Nick Schifrin: But, so far, the Biden administration has resisted calls to provide more advanced rocket systems whose range is long enough to reach inside Russia.

Mike Vickers: Rocket systems give you a higher volume of fire. And then outraging your opponent or at least being able to arrange like he can is a good thing.

Nick Schifrin: Do you think that the U.S. is doing enough in order to allow Ukraine victory, which is a word that Ukrainian and increasingly U.S. officials are using?

Mike Vickers: I think we're getting there. Time is really of the essence here in this eastern battle.

And I think we lost three to four weeks that we might have started this supply and trained earlier than we have, but we just need to put pedal to metal right now.

Nick Schifrin: Ukraine also needs more NATO-supplied tanks. And, today, Germany agreed for the first time to ride its tanks in what Defense minister Christine Lambrecht has called a generational shift.

Christine Lambrecht, German Defense Minister (through translator): The point is that the support for Ukraine should now be provided quickly, that it should be effective, and, above all, that it should be coordinated with our allied partners.

Nick Schifrin: But Russia has made clear arming Ukraine carries risks, including nuclear war, as Russian Foreign Minister Sergey Lavrov mentioned on state TV.

Sergey Lavrov, Russian Foreign Minister (through translator): The risks are really very, very significant. I would very much not like these risks be artificially inflated, and there are many who want them. The danger is serious, it is real, and it cannot be underestimated.

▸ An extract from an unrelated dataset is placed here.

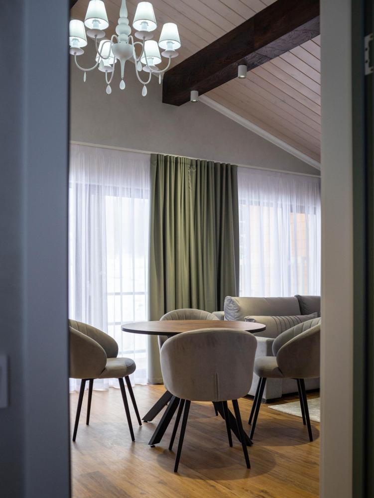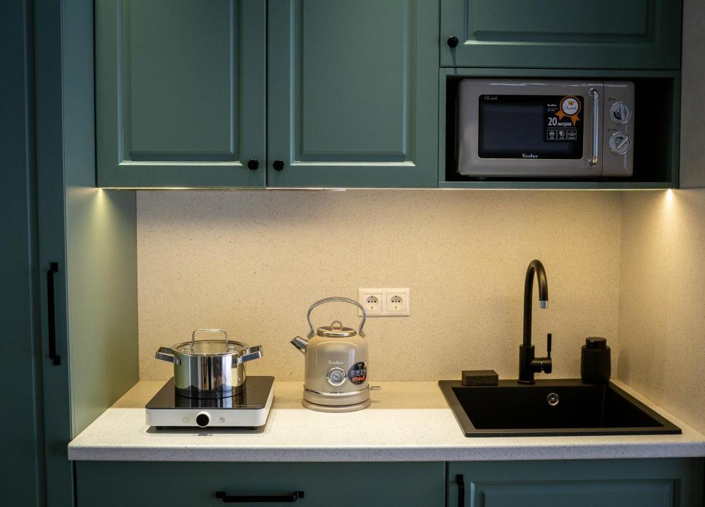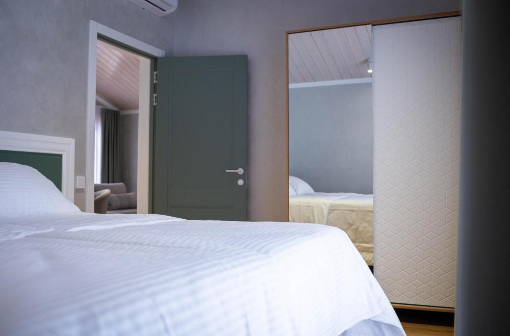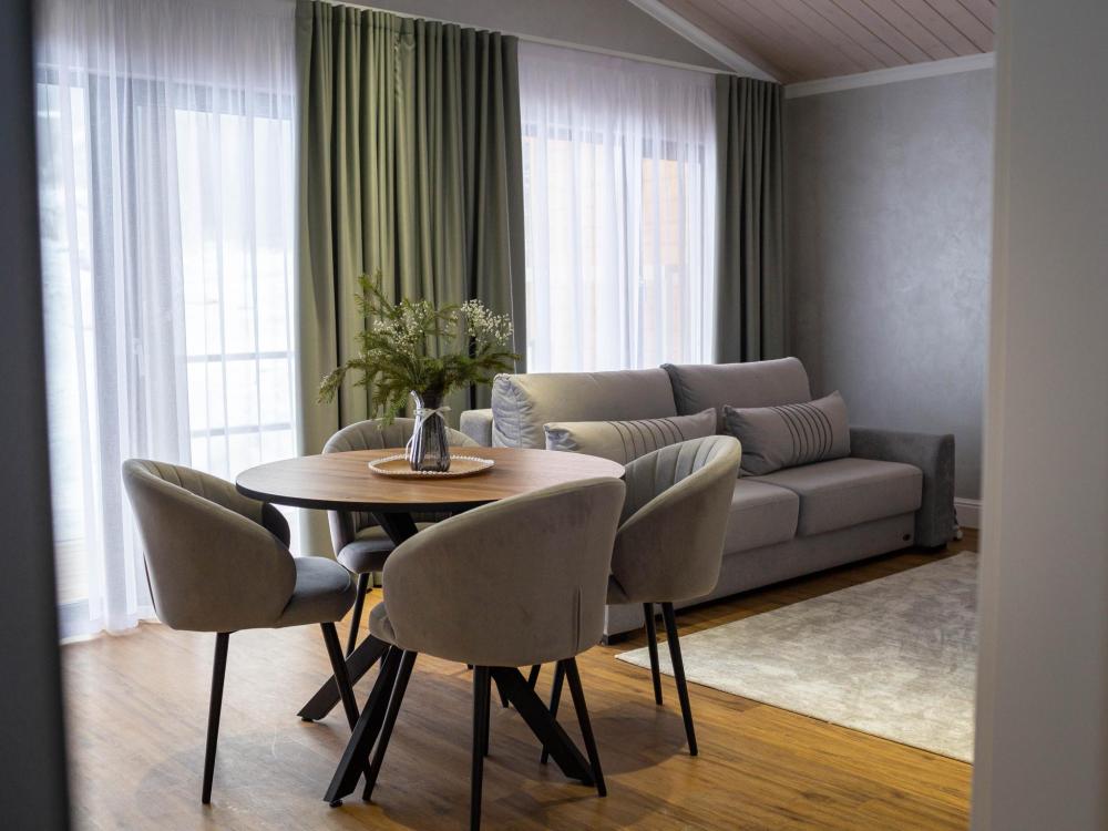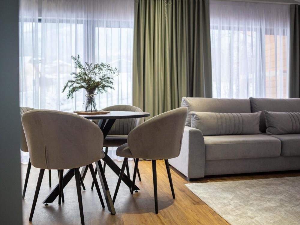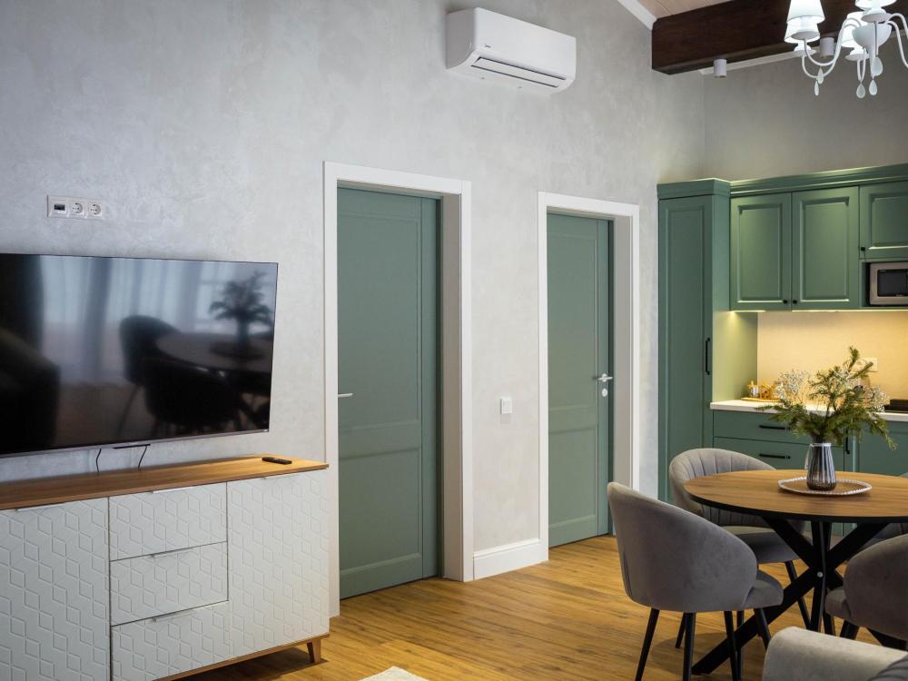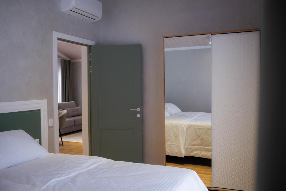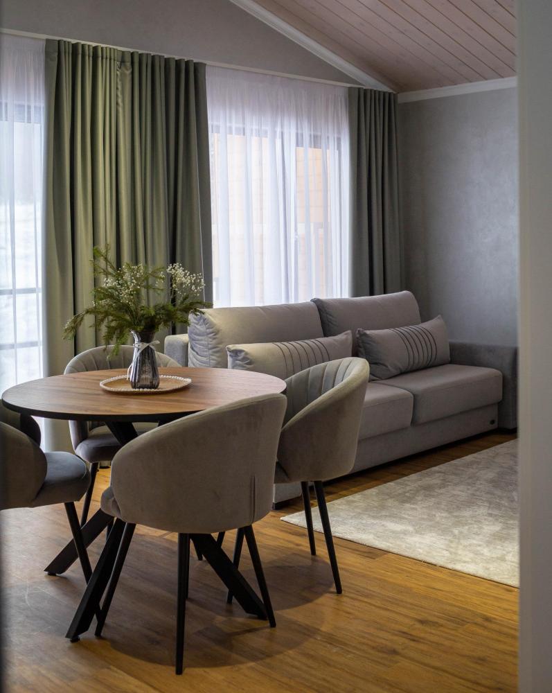 Оборудованная всем необходимым кухня-гостиная: рабочий стол, телевизор 52", диван, кухонный гарнитур, обеденный сервиз на 6 персон, индукционная плита, вместительный холодильник, микроволновая печь, чайник, капельная кофемашина, Алиса. Две спальных комнаты в каждой спальне 2 односпальные кровати (при необходимости, объединяются в большую двуспальную): шкаф купе, прикроватные тумбы, гладильная станция, банные халаты. Ванная комната: остекленная душевая кабина, комплект полотенец, набор косметики для душа, фен, одноразовые тапочки.

Nick Schifrin: But it was Russia who nearly created a nuclear crisis in Ukraine. Today, International Atomic Energy Agency officials got their first look at Chernobyl since Russian forces occupied the site and then left.

Director General Rafael Grossi paid respects to those who died when the reactor exploded 36 years ago today and called recent Russian moves very dangerous.

Rafael Grossi, Director General, IAEA: What we had was a nuclear safety situation that was not normal that could have developed into an accident.

Nick Schifrin: In Europe, an energy crisis is already developing.

Russian energy giant Gazprom today notified Poland and Bulgaria it would cut off natural gas supplies tomorrow, after the countries refused to pay for the gas in rubles. Prices spike 17 percent.

But Polish Strategic Energy Infrastructure Minister Piotr Naimski said Warsaw was already transitioning away from Russian energy.

Piotr Naimskisi, Polish Strategic Energy Infrastructure Minister (through translator): This is a turning point that has been accelerated by the Russians today. The Russians are speeding it up, but we can handle it.

Nick Schifrin: Meanwhile, in Moscow, 20 feet apart, President Vladimir Putin met with U.N. Secretary-General Antonio Guterres. The U.N. says Putin agreed — quote — "in principle" to allow civilians to leave their final holdout in Mariupol, the sprawling Azovstal plant.

That's where civilians like this woman today are still trapped by Russians forcing the population to submit or starve. Those tactics have pushed millions of Ukrainians to flee their homes. Today, the U.N. predicted 8.3 million, nearly 20 percent of the country, would become refugees, the victims of a war that even U.S. weapons can't end.

For the "PBS NewsHour," I'm Nick Schifrin.